Writing clinical and regulatory documents involves input from the arenas of clinical and nonclinical operations, regulatory compliance, biostatistics, pharmacokinetics, safety, quality assurance, and project management. However, the writer can complete the bulk of the text, with functional groups acting as experts, advisors, and reviewers. Peer-to-peer verbal discussions or bullet points from the functional experts can provide the information needed for more difficult sections of the document, so that functional experts do not need to write paragraphs. Thus, having the bulk of the text written by a medical writer not only produces a higher quality document in less time, but also frees up the functional staff to focus on their primary roles and responsibilities. The experience of writing a large number and variety of documents allows the medical writer to plan ahead for the writing of the future NDA/CTD. Each document is written as a chapter in the NDA/CTD by incorporating position statements that are supported by study results. Position statements define the value of the study and may relate to study rationale, design, patient population, conduct, results, or conclusions. When combined, the position statements link the various documents together and tell the story of the NDA/CTD. Consistency is a key to planning for the NDA/CTD, and is supported by well-designed templates, boilerplate language, and style guides that are created by the medical writer to be used throughout the drug development process without dramatic revision. Consistency is vital when discussing results and conclusions from a given study in multiple documents, and uniform data presentation between clinical study reports allows results and conclusions to be more easily combined when integrating the summaries for the NDA/CTD. Consistency can be easily lost when multiple functional experts write individual sections of documents. Furthermore, the medical writer can control the master document, facilitating version control and maintaining document stability (i.e., prevention of document corruption).

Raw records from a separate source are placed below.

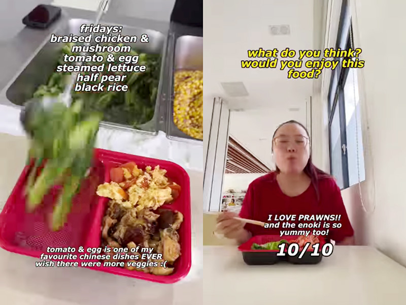 Τα γεύματα δίνονταν σε μερίδες που σερβίρονταν σε μεταλλικούς δίσκους. Η Egg Eats δημοσίευσε ένα βίντεο από το πρωινό της στο οποίο φαίνεται πως της έδωσαν βραστά αυγά και λαχανικά ενώ το μεσημέρι και το βράδυ τα γεύματα ήταν με λαχανικά, κρέας και ρύζι. Τα γεύματα έχουν σχεδιαστεί ώστε να προσομοιάζουν την καθημερινή κινέζικη διατροφή, έτσι ώστε όταν οι συμμετέχοντες βγουν από το πρόγραμμα να μην καταφύγουν σε υπερβολική κατανάλωση τροφής. Ταυτόχρονα επιτρέπεται η δεύτερη μερίδα, αλλά απαγορεύεται το τσιμπολόγημα.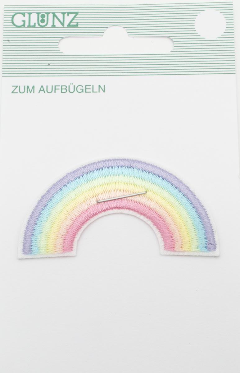 Regenbogenapplikation in Pastellfarben zum Aufbügeln.
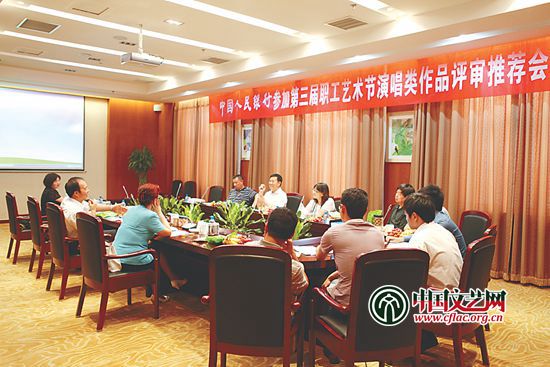 2012年,中國人民銀行參加第三屆職工藝術(shù)節(jié)演唱類作品評審?fù)扑]會現(xiàn)場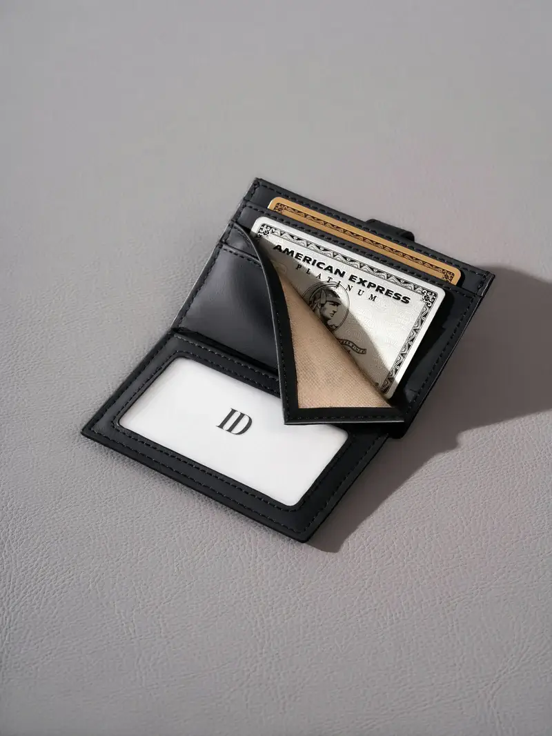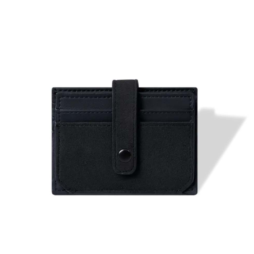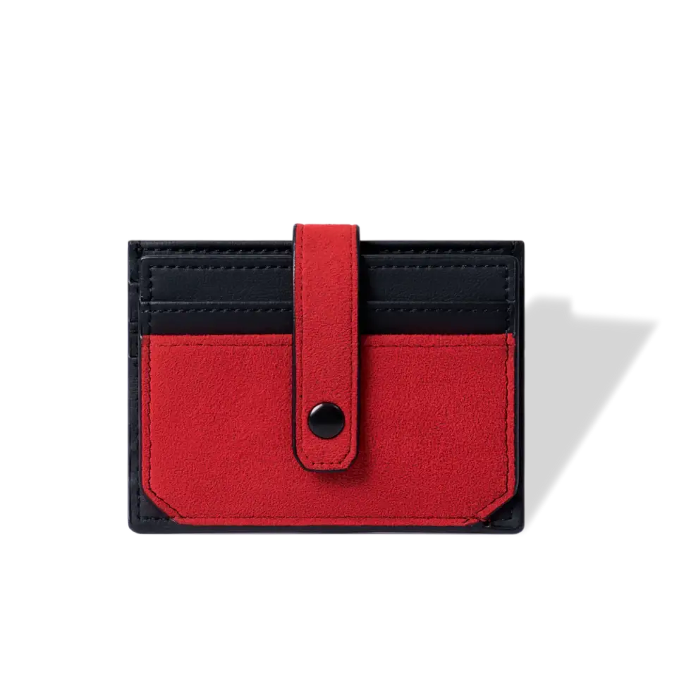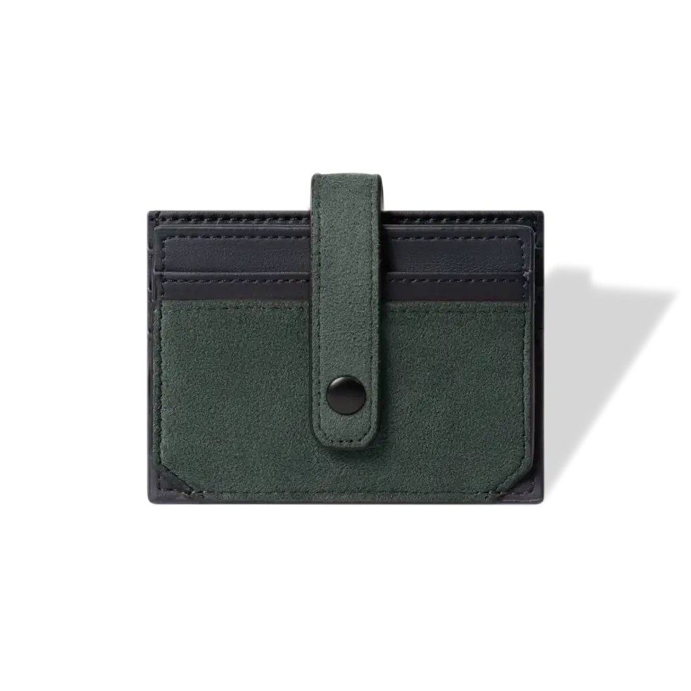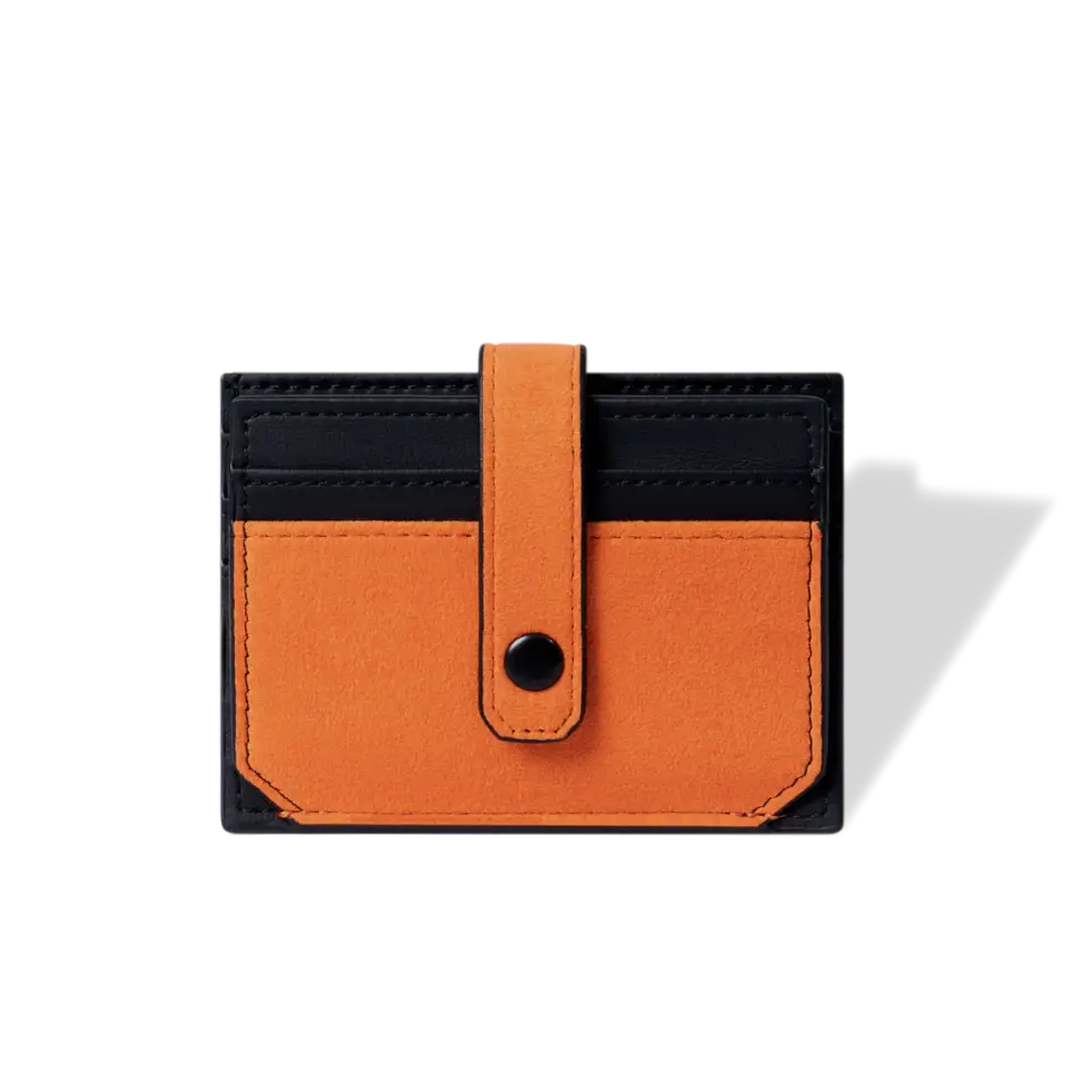 The MVST RFID-Blocking Alcantara Slim Wallet can hold five credit cards, one ID, and some cash. Yet, it maintains a sleek profile and lays flat in your pocket for a comfortable carry. It is available in four colors to suit your preference including Green, Black, Red, and Orange.

Because highly skilled medical writers drive the writing process, and in general write and type faster than the functional staff, they can complete a document in less time. Time is important, since delays in finalizing a document often amplify and can cause serious consequences downstream, potentially compromising clinical operations and regulatory submissions.

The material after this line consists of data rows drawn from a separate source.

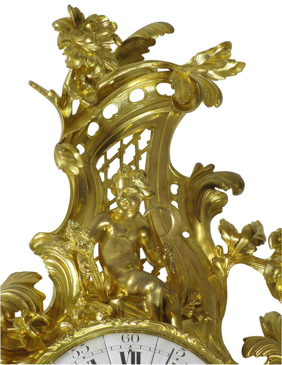 A Very Fine and Palatial French 19th Century Louis XV Style Gilt-Bronze Figural Cartel Clock by Lerolle Frères, the finely frame body with a circular face with Roman numerals, the center with a profile of King Louis XV and inscribed Lerolle Frères, behind a glass door, surmounted with floral scrolls, flowers, acanthus and an intricate lacing, crowned with a scrolled top and a seated putto holding a bundle of wheat and a sickle, emblematic of the harvesting. Circa: Paris, 1870-1880.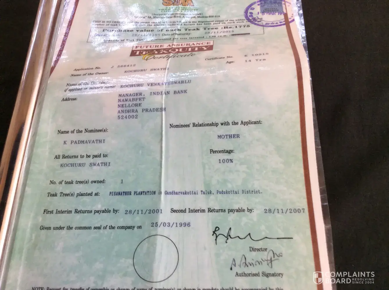 I had invested rs 7100 for 4trees @rs 1775 each on 21/06/96. certificate no k 28850, k 28849, k 28847, k 28848. so far I have not received returns due on2002 & 2008 &no information about co' s status.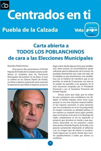 El PP de Puebla de la Calzada ha publicado un Boletín Informativo especial de cara a las elecciones del 22 de mayo en el que incluye una Carta Abierta a los poblanchinos, unas “reflexiones electorales”, aborda el tema del proyecto de la Residencia Geriátrica, el “escándalo laboral por discriminación política” y avanza su Programa Electoral.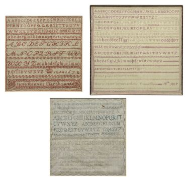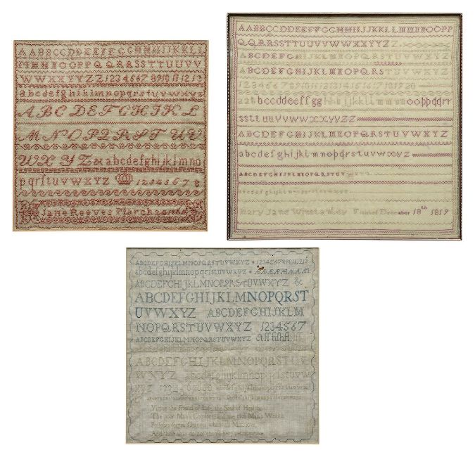 A group of three needlework samplers,comprising an example by Jane Reeves, March 24th 1864, another by Mary Jane Winstanley, December 18th 1819, and an earlier green thread example, all with alphabet lines (3)Jane Reeves) 28.5 x 28.5cm, framed and glazed 38 x 37cmMary Jane) 32.5 x 32cm, framed and glazed 36 x 36cmGreen thread) 30 x 29cm, framed and glazed 42 x 40.5cmCondition: Jane Reeves) Thinning areas and fraying, particularly to the edges. Mary Jane Winstanley) Historic repair to the W. No visible holes. Green thread) Holes to the top and staining. Provenance: From a single-owner private collection.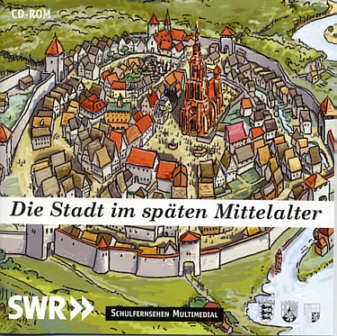 Eintauchen in die Welt des Mittelalters verspricht eine multimediale Produktion des SWR, die 2002 auf den Markt kam, "Die Stadt im späten Mittelalter". Der Benutzer kann sich auf einer Stadtansicht orientieren und die Stadt mit ihren typischen Bestandteilen virtuell betreten. An fast allen Stationen - Marktplatz, Rathausplatz, Kirche, Kloster, Stadttore - erlauben Rundumschwenks einen detailgetreuen Einblick in die Lebenswelt des 15. oder 16. Jahrhunderts, unterlegt mit den entsprechenden Geräuschen, ob dem grunzen von Schweinenoder dem Furz in Ehgraben. Personen des städtischen Lebens geben Auskunft über ihre besondere Stellung und ihre Tätigkeit. Insoweit ist diese Produktion erheblich detailreicher als die ältere CD "Die Stadt des Mittelalters". |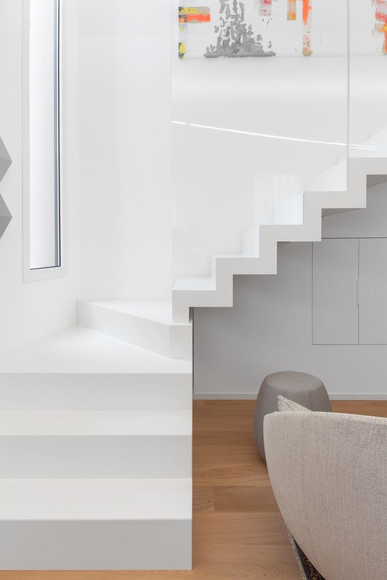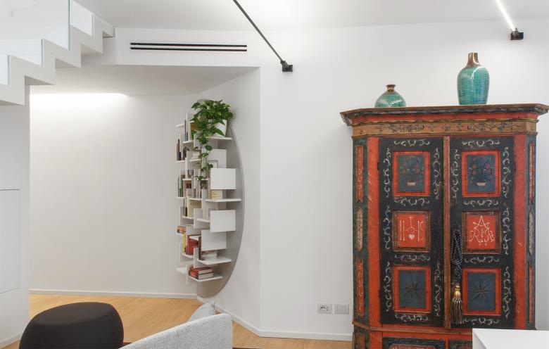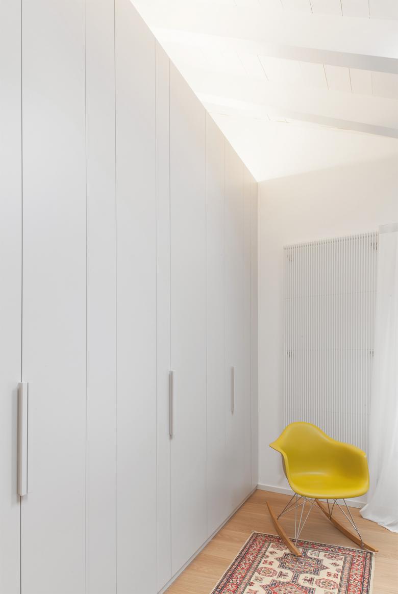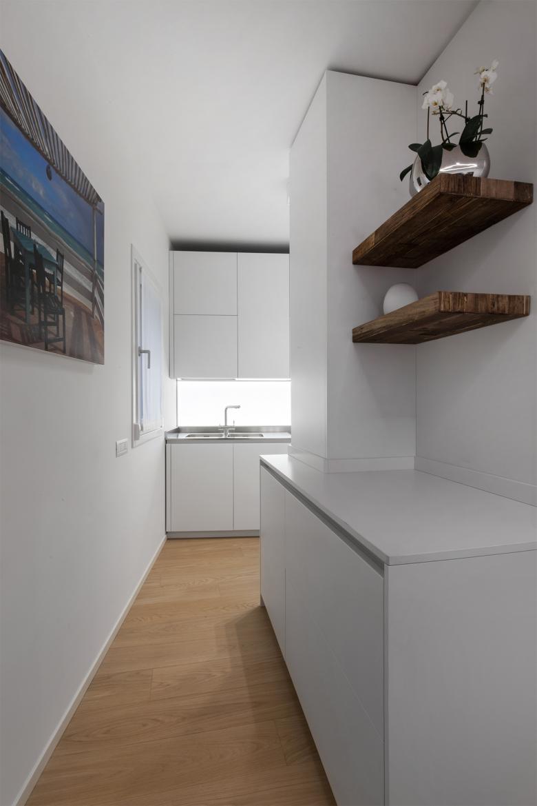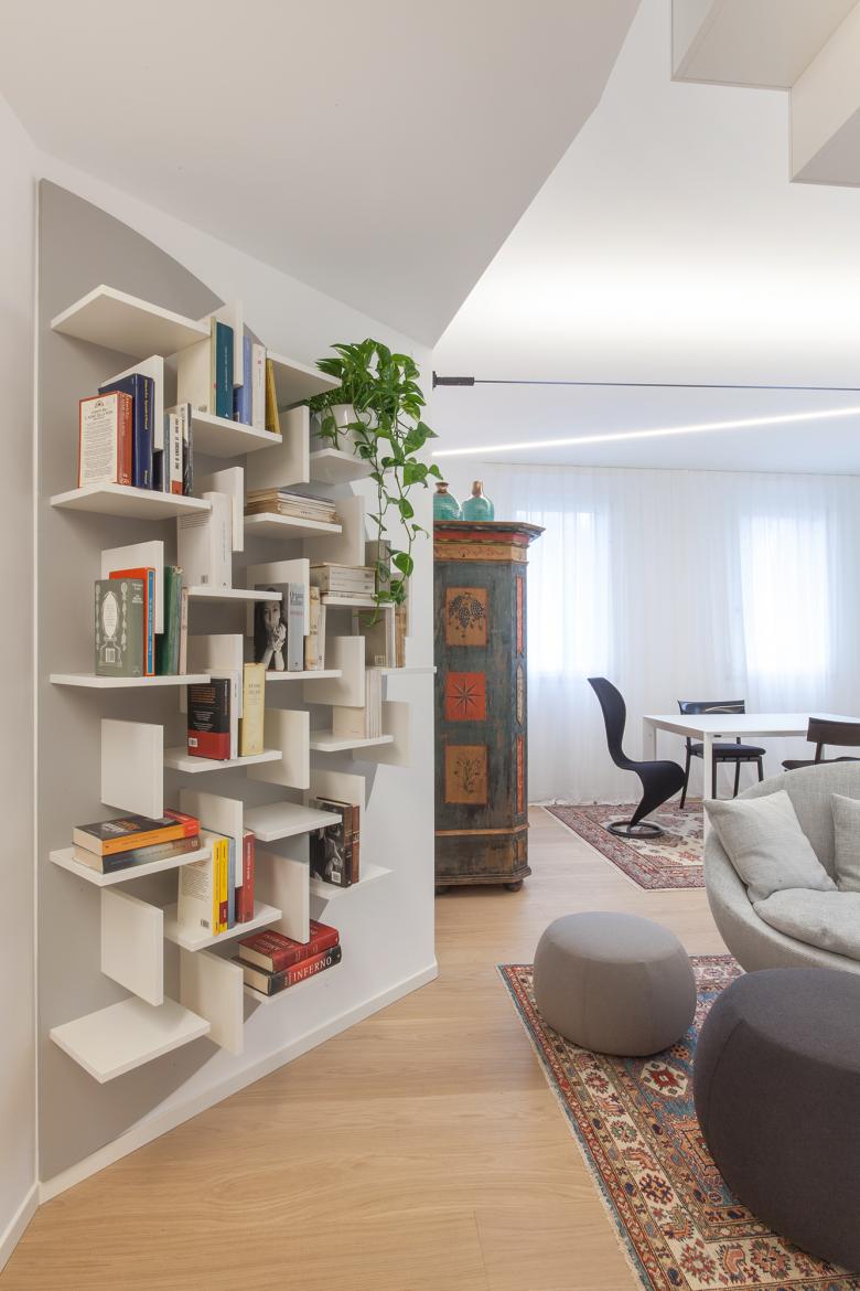 Attraverso piccole azioni, lo spazio irregolare e compresso, esito di un restauro che lo aveva fortemente conformato negli anni Novanta, è stato letto e reinterpretato come un percorso che si sussegue lungo tutti gli ambiti dell’appartamento – ingresso, cucina, soggiorno, camere – in modo che tutti gli spazi della casa diventino riconoscibili attraverso un unico gesto.

Coordinating the Document Review Process
The medical writer is the ideal person to coordinate the document review process. Drafts of a clinical and regulatory document are typically reviewed by all functional research areas, management, and other interested parties. The medical writer and the document owner (usually a medical monitor) compile, prioritize, and categorize (accept, reject, or need discussion) suggestions by the reviewers. A better written document generates fewer reviewer comments and thus reduces both the review and comment resolution time. The highly skilled medical writer can also provide reviewers with the rationale for why their specific suggestions were rejected, allowing the reviewers to know that their comments were not ignored and making it less likely that they will make the same suggestion on the next draft. Suggestions that cannot be easily resolved are discussed as a group at a comment resolution meeting. The medical writer can run these meetings, guide the discussion, and record the group consensus and/or decisions, which are then used to write the next draft.

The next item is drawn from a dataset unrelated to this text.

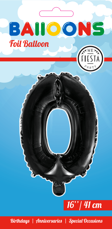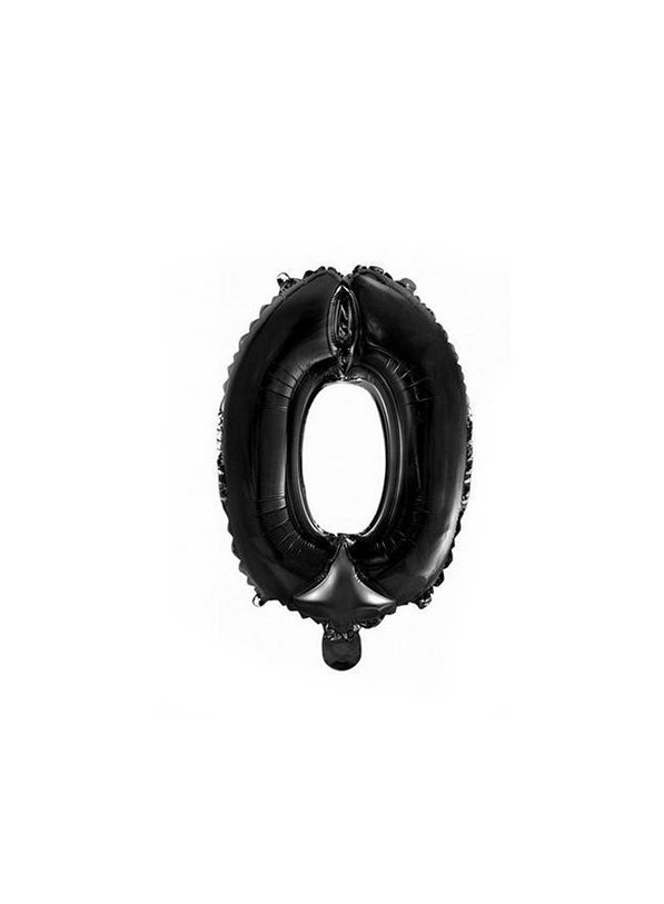 Folie Ballon Cijfer 0 Zwart 41cm met Rietje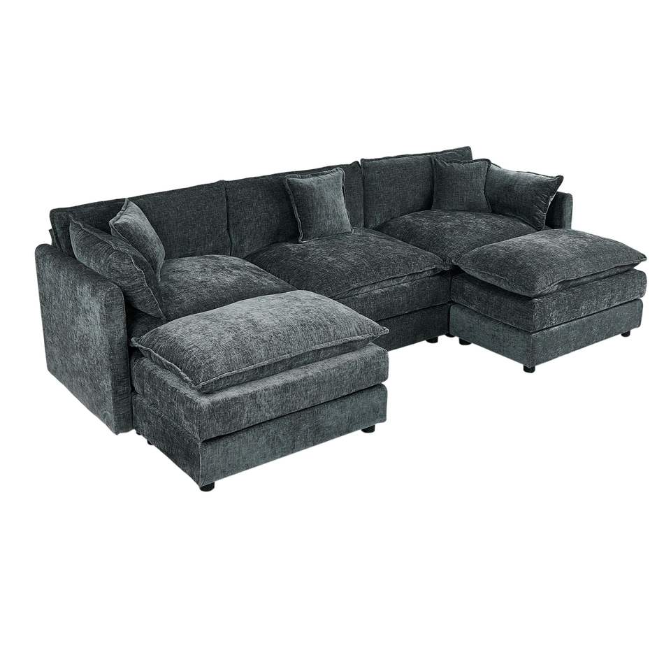 Divani da Soggiorno Grigi a Tre Posti con Due Poggiapiedi 2018

Identifying and Obtaining Literature References
Establishing and maintaining processes and databases related to reference articles are important for the efficient preparation of clinical and regulatory documents, and are critical for the preparation of an NDA/CTD. Highly skilled medical writers have vast experience searching literature databases and reading scientific and medical literature; thus, they are capable of finding and obtaining references that support specific concepts or statements in the text.